= Mutual Life Insurance Co of New York v Rank Organisation Ltd =

UK company law case

Mutual Life Insurance Co. of New York v The Rank Organisation Ltd. [1985] BCLC 11 is a UK company law case dealing with "oppression" (or unfair prejudice) under section 20 Companies Act 1948 (now s.994 Companies Act 2006). Goulding J delivered the first instance judgment.

==Facts==
United States and Canadian securities law requires registration of companies for share issues. In 1975 Rank Organisation Ltd, an entertainment company, decided to offer 20 million ordinary shares to the public, with a preference to existing Rank shareholders. This preference offer did not however extend to shareholders based in the United States and Canada (including Mutual Life), because it was thought not to be in the company's interest to have to register there.

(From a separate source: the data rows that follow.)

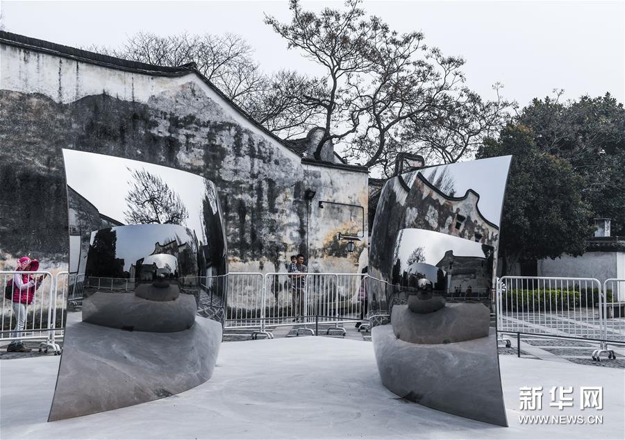 在乌镇西栅景区展出的作品“双眩”(3月30日摄)。 当日,“时间开始了——2019乌镇当代艺术邀请展”在浙江省桐乡市乌镇开幕。本次展览共邀请了来自全球23个国家和地区的60位(组)艺术家出席,共计90件(组)作品参与展出,不仅涵盖装置、影像、行为、绘画等较常见的艺术类型,还包括声音、气味、交互(设计)、网络艺术等仍在探索中的艺术形式。 新华社记者 徐昱 摄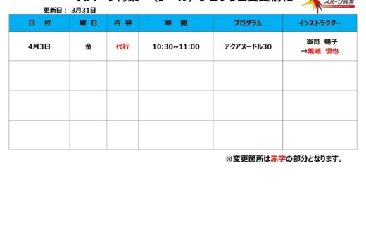 • 【青葉】プールプログラム急な代行のお知らせ(4/1)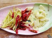 姜切丝,蒜切片,红椒切丝。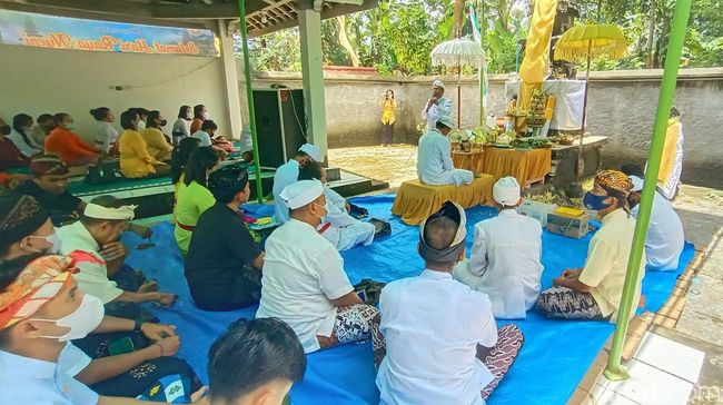Pantauan di lokasi, puluhan umat Hindu menggelar Mecaru di , Desa Plajan, Kecamatan Pakis Aji. Pelaksanaan dilakukan secara khidmat dan secara sederhana di tengah pandemi virus Corona atau COVID-19.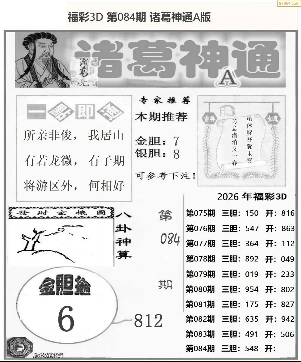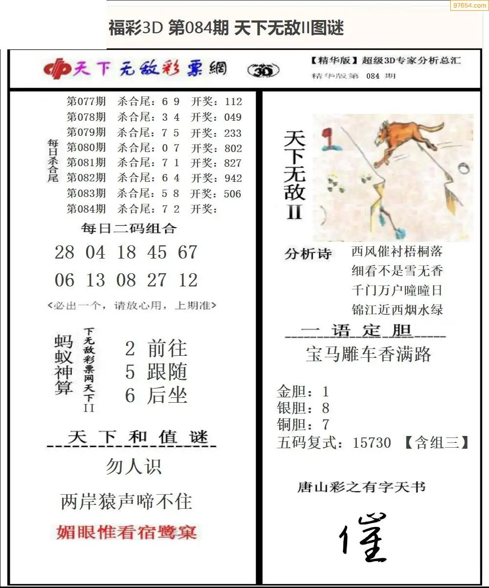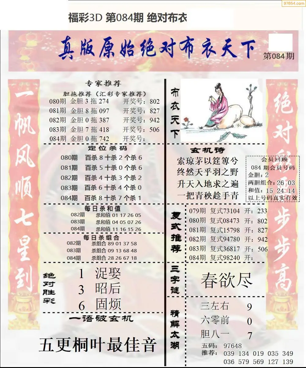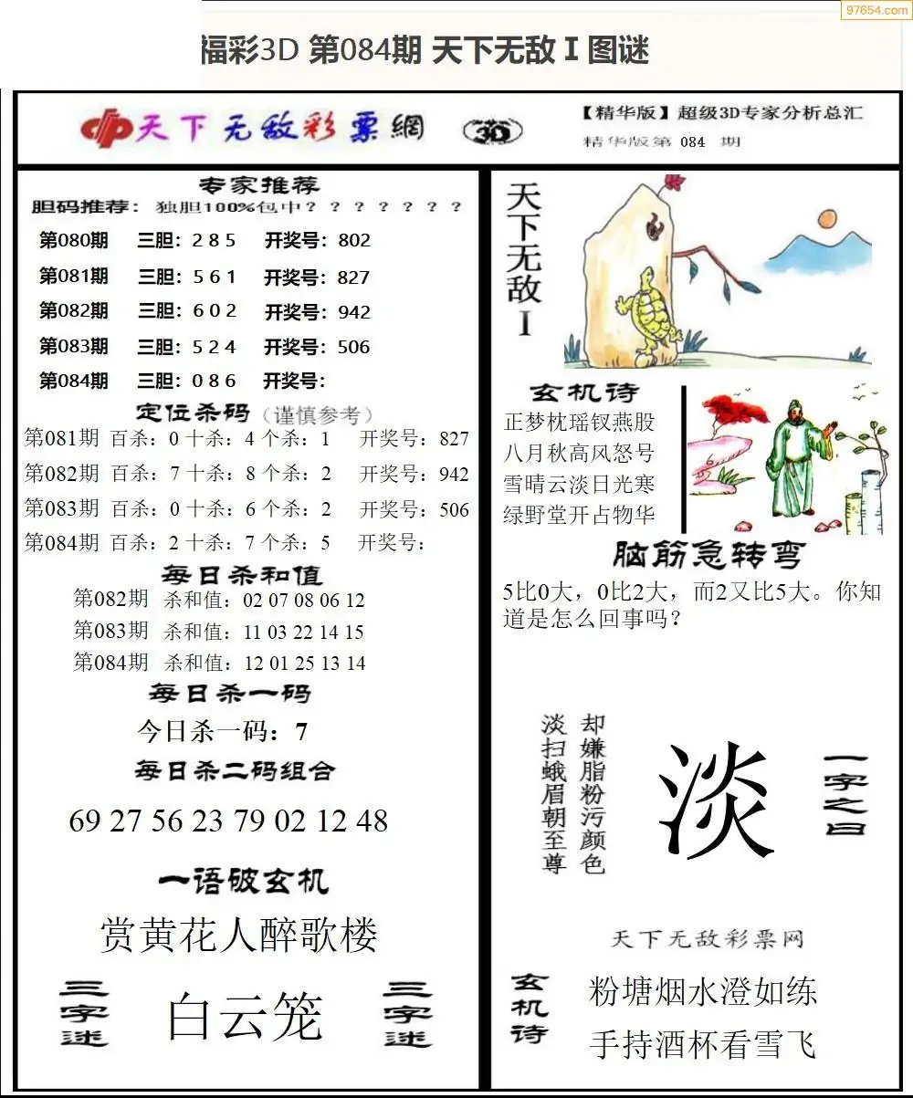 26年084期3d选号彩报图谜画谜

Rank's articles of association stated that directors could allot, deal with or dispose of company shares "on such terms as they think proper". But the American and Canadian shareholders (they owned shares "beneficially" through nominee companies, who were defendants alongside Rank in the case) were still unhappy. They said they had been discriminated against, and that was a "breach of contract" because s.20 of the Companies Act 1948 implied shareholders deserved equal treatment (this is the "oppression" provision; see now, s 994 unfair prejudice).

==Judgment==
Goulding J dismissed the shareholders' complaint. He held that section 20 did not create a term of the corporate contract that shareholders were to be treated equally in respect of a board resolution (or for that matter a resolution of shareholders in general meeting). The duties of the directors were to exercise their powers to issue shares in good faith, bona fide in the interests of the company and exercise them fairly between shareholders (not necessarily treat shareholders identically).

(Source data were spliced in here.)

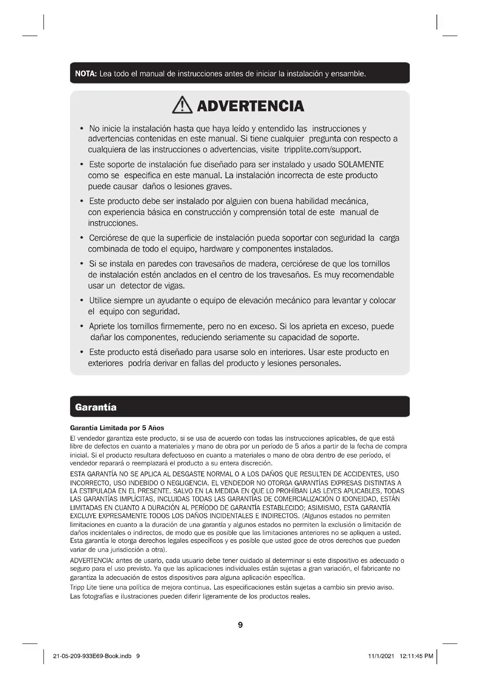 - Este producto está diseñado para usarse solo en interiores. Usar este producto en exteriores podría derivar en fallas del producto y lesiones personales. Garantía Limitada por 5 Años El vendedor garantiza este producto, si se usa de acuerdo con todas las instrucciones aplicables, de que está libre de defectos en cuanto a materiales y mano de obra por un período de 5 años a partir de la fecha de compra inicial. Si el producto resultara defectuoso en cuanto a materiales o mano de obra dentro de ese período, el vendedor reparará o reemplazará el producto a su entera discreción. ESTA GARANTÍA NO SE APLICA AL DESGASTE NORMAL O A LOS DAÑOS QUE RESULTEN DE ACCIDENTES, USO INCORRECTO, USO INDEBIDO O NEGLIGENCIA. EL VENDEDOR NO OTORGA GARANTÍAS EXPRESAS DISTINTAS A LA ESTIPULADA EN EL PRESENTE. SALVO EN LA MEDIDA EN QUE LO PROHÍBAN LAS LEYES APLICABLES, TODAS LAS GARANTÍAS IMPLÍCITAS, INCLUIDAS TODAS LAS GARANTÍAS DE COMERCIALIZACIÓN O IDONEIDAD, ESTÁN LIMITADAS EN CUANTO A DURACIÓN AL PERÍODO DE GARANTÍA ESTABLECIDO; ASIMISMO, ESTA GARANTÍA EXCLUYE EXPRESAMENTE TODOS LOS DAÑOS INCIDENTALES E INDIRECTOS. (Algunos estados no permiten limitaciones en cuanto a la duración de una garantía y algunos estados no permiten la exclusión o limitación de daños incidentales o indirectos, de modo que es posible que las limitaciones anteriores no se apliquen a usted. Esta garantía le otorga derechos legales específicos y es posible que usted goce de otros derechos que pueden variar de una jurisdicción a otra). ADVERTENCIA: antes de usarlo, cada usuario debe tener cuidado al determinar si este dispositivo es adecuado o seguro para el uso previsto. Ya que las aplicaciones individuales están sujetas a gran variación, el fabricante no garantiza la adecuación de estos dispositivos para alguna aplicación específica. Tripp Lite tiene una política de mejora continua. Las especificaciones están sujetas a cambio sin previo aviso. Las fotografías e ilustraciones pueden diferir ligeramente de los productos reales. 21-05-209-933E69-Book.indb 921-05-209-933E69-Book.indb 9 11/1/2021 12:11:45 PM11/1/2021 12:11:45 PM10 IMPORTANTE: Asegúrese de haber recibido todas las partes de acuerdo a la lista de comprobación de componentes antes de instalar. Si faltase alguna parte o estuviese dañada, visite tripplite.com/support para solicitar servicio. Accesorios y Partes Incluidas en el Empaque A (x2) F (x3) B (x2) C (x1) D (x1) M5x10 (x4) Tornillo de Anclaje (x4) Ancla para Concreto (x4) Arandela D6 (x4) Paquete M Paquete W M5x14 (x4) M8x45 (x4) M6x14 (x4) Arandela (x4) M6x25 (4) Espaciador Pequeño (x4) M8x25 (x4) Espaciador Grande (x4) 21-05-209-933E69-Book.indb 1021-05-209-933E69-Book.indb 10 11/1/2021 12:11:45 PM11/1/2021 12:11:45 PM11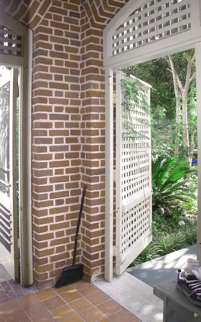 The Florida Room is finished in a unique red-brick trim, accenting the arched windows.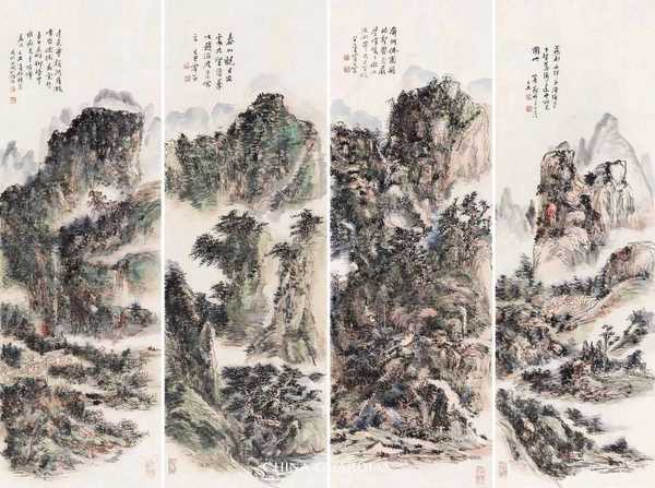 黄宾虹(1865-1955) 山水四绝 镜心 设色纸本 己丑(1949年)作 143.5×47 cm×4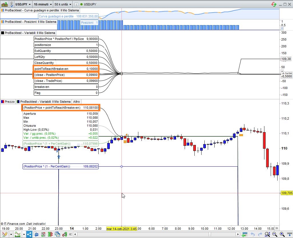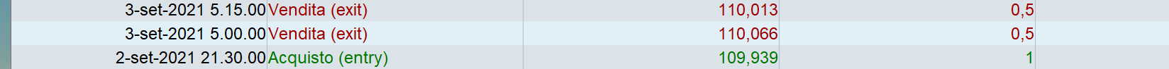 Ecco un altra immagine dell’ operazione sopra riportata. Il problema comunque è nella formula in generale che non chiude a breakeven la metà della posizione restante. Probabilmente i due codici (snippet) non vanno semplicemente assemblati come ho scritto.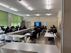 4校の高校の先生に来ていただき、学校説明をしてもらいました。生徒たちの体調を考え、急遽リモートでの開催に変更しました。各学校の特色や進路先の状況など、動画等を使いながら丁寧に説明していただきました。3年生は、高校進学へのイメージがだんだんと出来上がってきたのではないでしょうか。
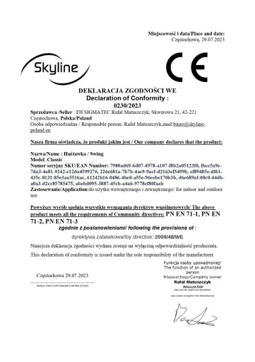 ☑️ Rozstaw między nogami huśtawki: 103 cm

That is what the directors had done. The treatment of the American and Canadian shareholders was not unfair, because their shareholdings and rights had not been affected. Rank shareholders had no right to expect their share interest remain in constant proportion to the others' in the company forever. The counsel for the petitioners had suggested that a "discriminatory" allotment should only be decided on where no other option were available, but this was clearly going too far to constrain business decisions. Goulding J review all the authorities and summarised.

"I turn to the remaining test which I have proposed, namely, that of fairness between different shareholders. It must be borne in mind that in my view the equality of individual shareholders in point of right, does not always require an identity of treatment. Compare the first of the passages that I cited from Lord Macnaghten's speech in the British and American Trustee case. After reflection on all that counsel for the plaintiffs (Mr Curry QC) said in argument I remain of opinion that the North American shareholders were fairly treated on the occasion of the offer for sale, notwithstanding their exclusion from participation along with their compatriots who were not already shareholders. Such exclusion did not in any way affect the existence of a shareholder's shares nor the rights attached to them. I do not know whether the transaction had any effect upon their market price. None has been alleged by the plaintiffs, and counsel for the plaintiffs (Mr Curry QC) disclaimed any suggestion that the terms of the offer for sale were improvident, heavily oversubscribed though it was. In any case, no shareholder in Rank, while its articles of association retain their present form, has any right to expect that his fractional interest in the company will remain forever constant. Moreover, the reason why North American shareholders were excluded was because of a difficulty resulting only from their own personal situation. It was not the fault of Rank that they were nationals or residents of countries whose laws impose onerous obligations.

Finally, it is not in my judgment unfair to the North American shareholders that Rank should raise capital in the way which it was advised, and its directors believed, was most advantageous for the purposes of maintaining its investment programme, since the successful fulfillment of the programme would give a prospect of continuing benefit to all members whatever their personal situation. The plaintiffs' main attack, in my opinion, therefore, fails."